↓
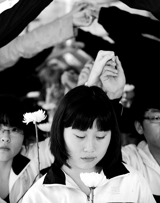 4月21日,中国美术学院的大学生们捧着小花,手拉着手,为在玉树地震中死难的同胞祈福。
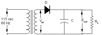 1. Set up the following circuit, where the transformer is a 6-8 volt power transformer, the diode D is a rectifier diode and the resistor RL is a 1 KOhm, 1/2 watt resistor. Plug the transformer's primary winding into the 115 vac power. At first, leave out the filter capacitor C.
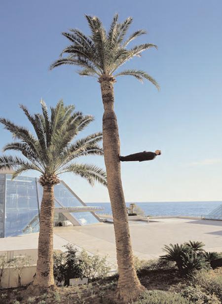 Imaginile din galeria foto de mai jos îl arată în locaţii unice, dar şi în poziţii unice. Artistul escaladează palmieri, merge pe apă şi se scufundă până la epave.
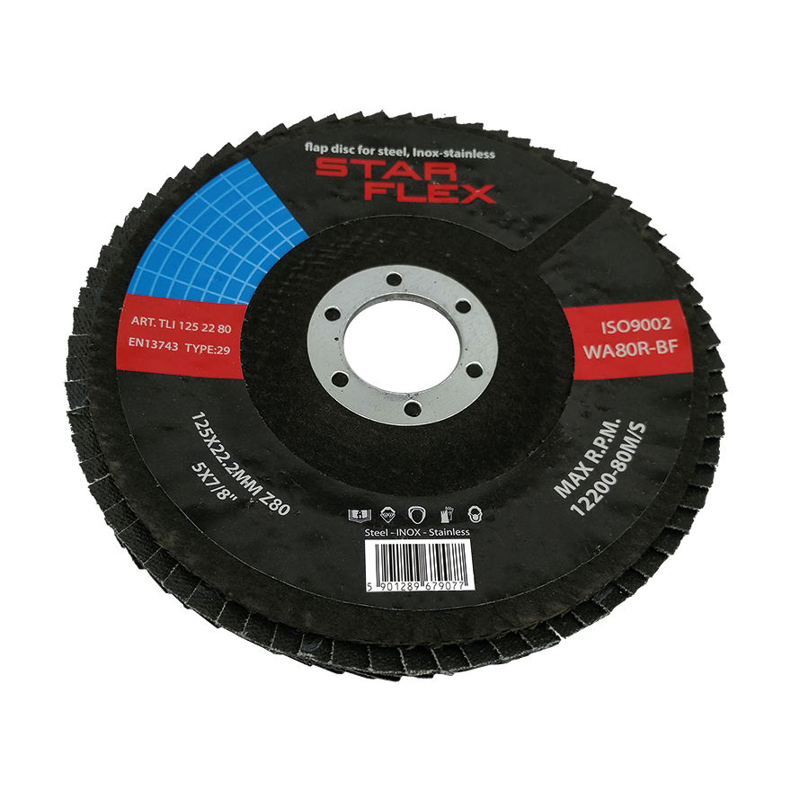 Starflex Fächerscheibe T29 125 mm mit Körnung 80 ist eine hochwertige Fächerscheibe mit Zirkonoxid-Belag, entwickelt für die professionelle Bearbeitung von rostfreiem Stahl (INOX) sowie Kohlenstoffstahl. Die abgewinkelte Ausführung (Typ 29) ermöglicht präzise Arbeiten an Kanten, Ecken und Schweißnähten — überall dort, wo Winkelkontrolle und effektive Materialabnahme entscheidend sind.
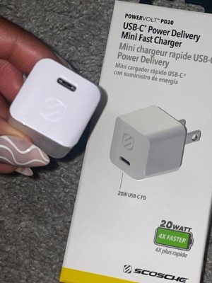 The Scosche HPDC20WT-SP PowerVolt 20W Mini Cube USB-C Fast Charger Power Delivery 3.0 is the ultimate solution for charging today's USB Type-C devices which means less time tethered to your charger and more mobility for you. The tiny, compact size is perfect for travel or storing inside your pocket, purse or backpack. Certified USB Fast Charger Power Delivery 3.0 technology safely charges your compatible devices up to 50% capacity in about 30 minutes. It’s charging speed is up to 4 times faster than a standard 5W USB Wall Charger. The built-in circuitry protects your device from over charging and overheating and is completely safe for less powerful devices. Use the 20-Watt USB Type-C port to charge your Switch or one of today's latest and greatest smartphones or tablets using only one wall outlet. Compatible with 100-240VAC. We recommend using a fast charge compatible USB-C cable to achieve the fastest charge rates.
↑
## [TASK OBJECTIVE]
Give the records a second time exactly, keeping the images out.

## [EXERCISE RESPONSE]
 4月21日,中国美术学院的大学生们捧着小花,手拉着手,为在玉树地震中死难的同胞祈福。
 1. Set up the following circuit, where the transformer is a 6-8 volt power transformer, the diode D is a rectifier diode and the resistor RL is a 1 KOhm, 1/2 watt resistor. Plug the transformer's primary winding into the 115 vac power. At first, leave out the filter capacitor C.
 Imaginile din galeria foto de mai jos îl arată în locaţii unice, dar şi în poziţii unice. Artistul escaladează palmieri, merge pe apă şi se scufundă până la epave.
 Starflex Fächerscheibe T29 125 mm mit Körnung 80 ist eine hochwertige Fächerscheibe mit Zirkonoxid-Belag, entwickelt für die professionelle Bearbeitung von rostfreiem Stahl (INOX) sowie Kohlenstoffstahl. Die abgewinkelte Ausführung (Typ 29) ermöglicht präzise Arbeiten an Kanten, Ecken und Schweißnähten — überall dort, wo Winkelkontrolle und effektive Materialabnahme entscheidend sind.
 The Scosche HPDC20WT-SP PowerVolt 20W Mini Cube USB-C Fast Charger Power Delivery 3.0 is the ultimate solution for charging today's USB Type-C devices which means less time tethered to your charger and more mobility for you. The tiny, compact size is perfect for travel or storing inside your pocket, purse or backpack. Certified USB Fast Charger Power Delivery 3.0 technology safely charges your compatible devices up to 50% capacity in about 30 minutes. It’s charging speed is up to 4 times faster than a standard 5W USB Wall Charger. The built-in circuitry protects your device from over charging and overheating and is completely safe for less powerful devices. Use the 20-Watt USB Type-C port to charge your Switch or one of today's latest and greatest smartphones or tablets using only one wall outlet. Compatible with 100-240VAC. We recommend using a fast charge compatible USB-C cable to achieve the fastest charge rates.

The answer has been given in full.